• [Exercise goal] From the line with "Гвардейская ул., 84/2, перед" to the line with "女優宣言した宮本茉由を舞台裏でキャッチ!「会見前に円陣組んでました」", retype each line exactly as it stands in the records below, but skip the pictures.

• [Provided information]
=== Begin Enclosure ===

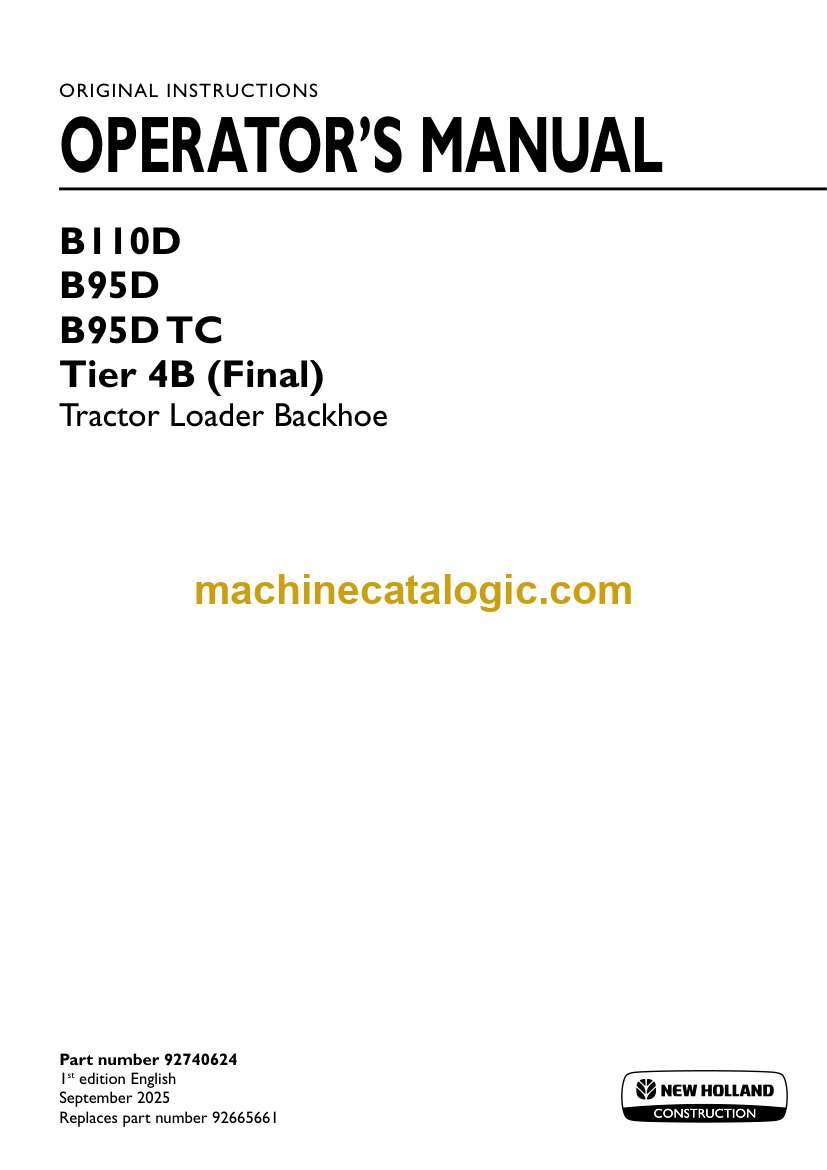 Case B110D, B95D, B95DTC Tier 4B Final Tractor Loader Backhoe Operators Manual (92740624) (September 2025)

=== End Enclosure ===
=== Begin Enclosure ===

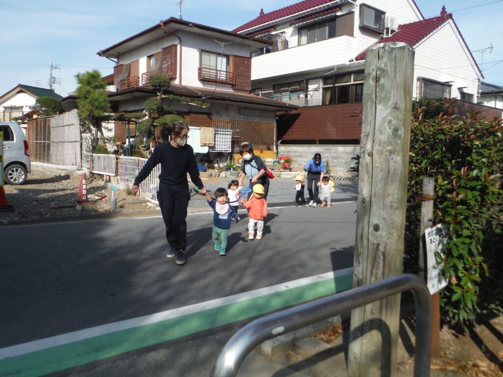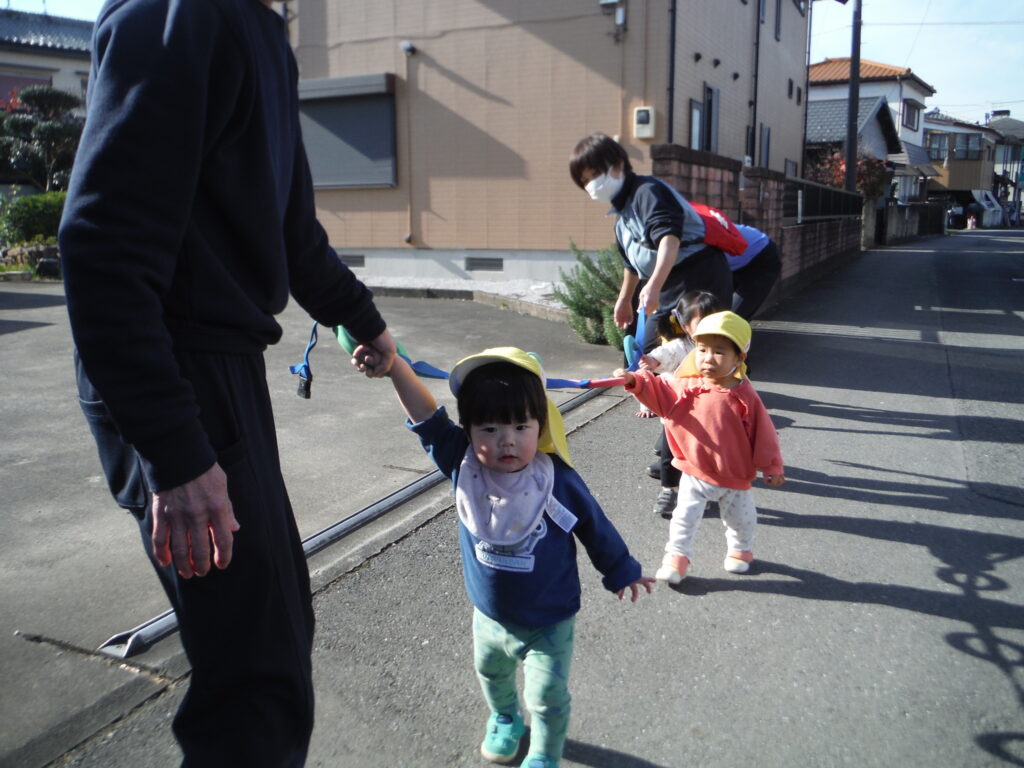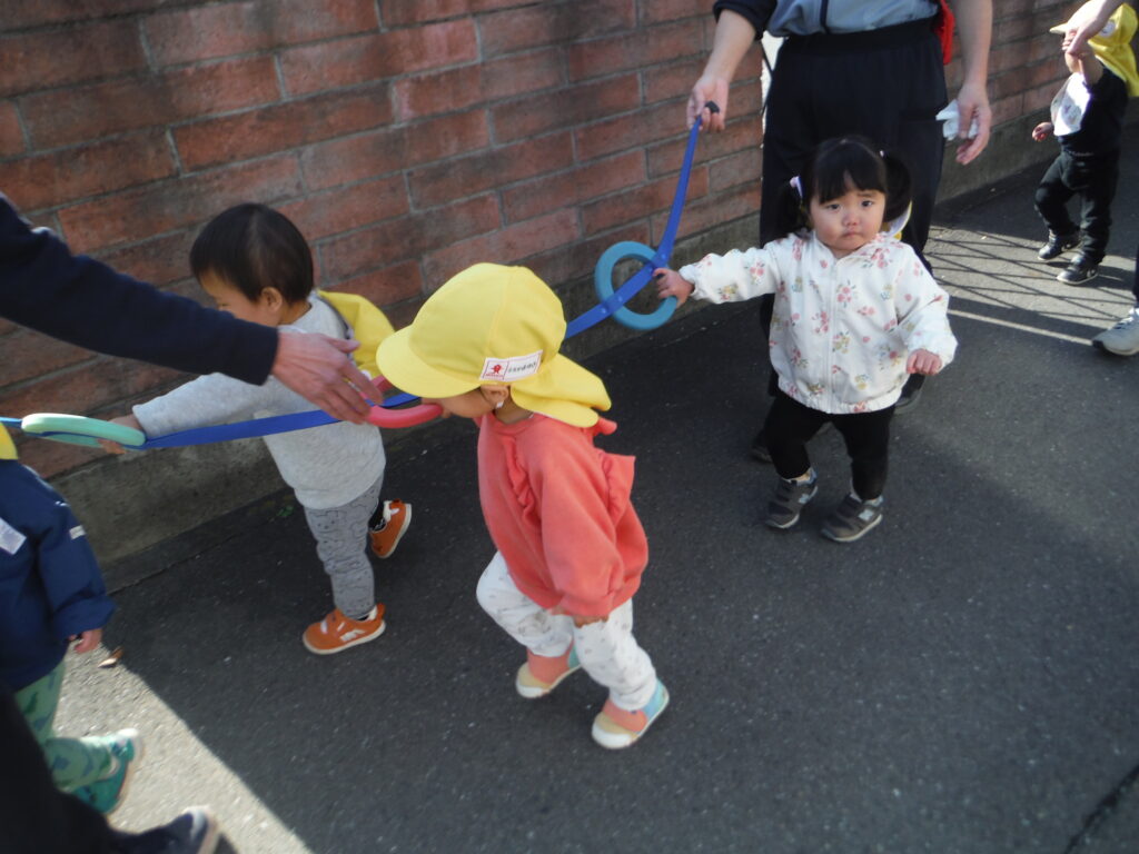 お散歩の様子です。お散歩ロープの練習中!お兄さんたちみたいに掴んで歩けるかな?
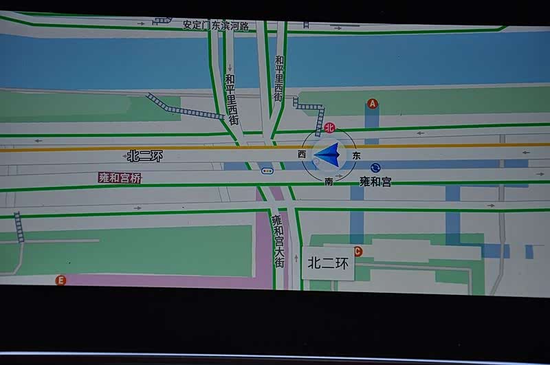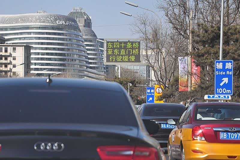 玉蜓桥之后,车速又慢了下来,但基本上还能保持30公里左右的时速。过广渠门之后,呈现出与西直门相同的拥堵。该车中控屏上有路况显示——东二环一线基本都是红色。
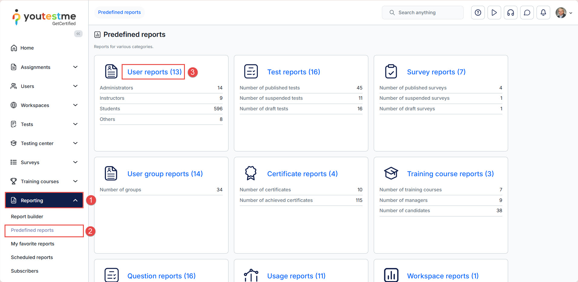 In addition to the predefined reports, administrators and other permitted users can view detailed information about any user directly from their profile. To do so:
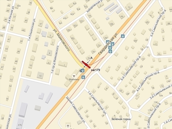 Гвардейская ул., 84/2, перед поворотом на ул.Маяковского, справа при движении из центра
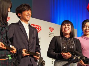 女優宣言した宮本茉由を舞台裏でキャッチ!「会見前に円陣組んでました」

=== End Enclosure ===
=== Begin Enclosure ===

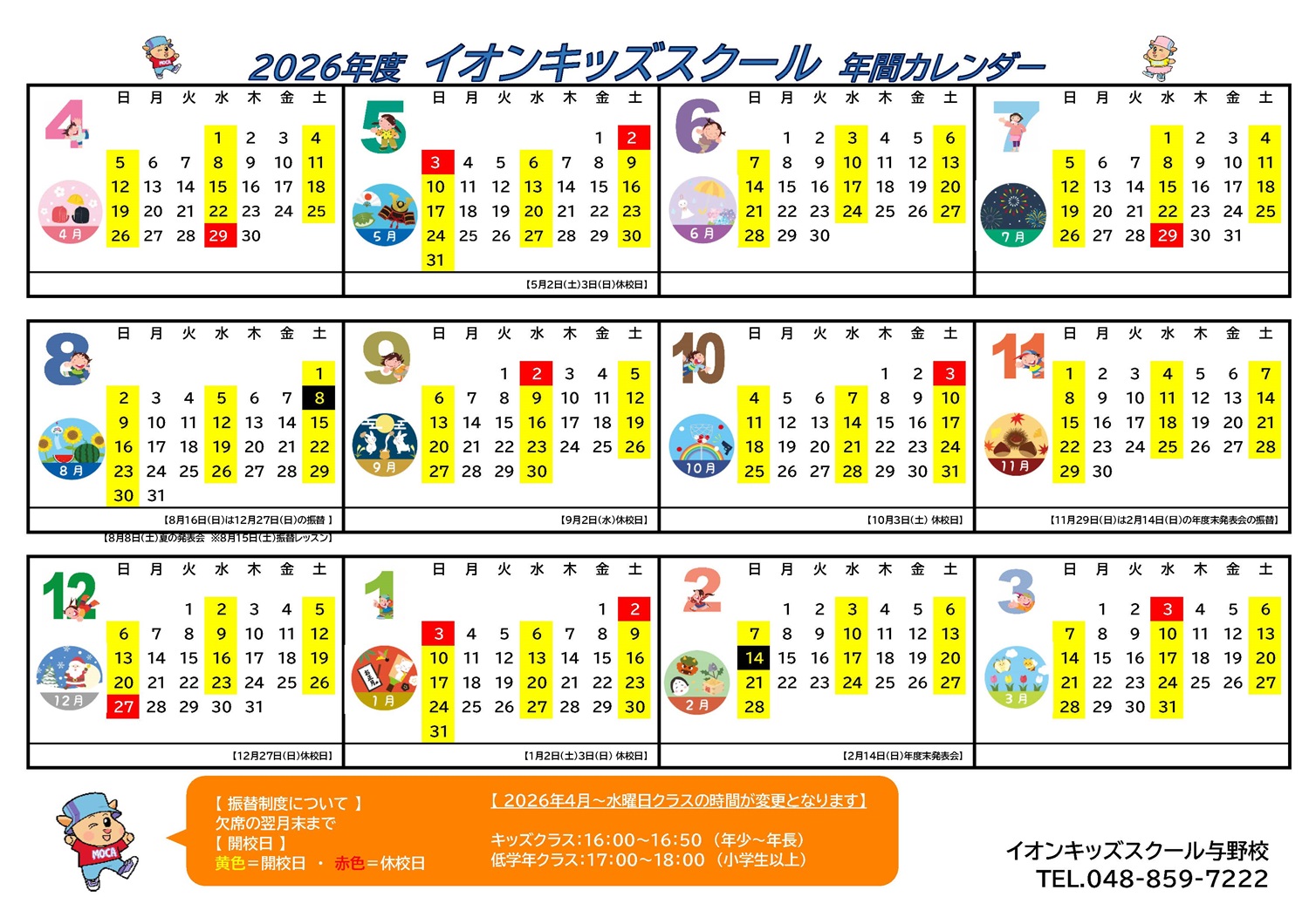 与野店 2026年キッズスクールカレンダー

=== End Enclosure ===

• [Solution for this problem]
 Гвардейская ул., 84/2, перед поворотом на ул.Маяковского, справа при движении из центра
 女優宣言した宮本茉由を舞台裏でキャッチ!「会見前に円陣組んでました」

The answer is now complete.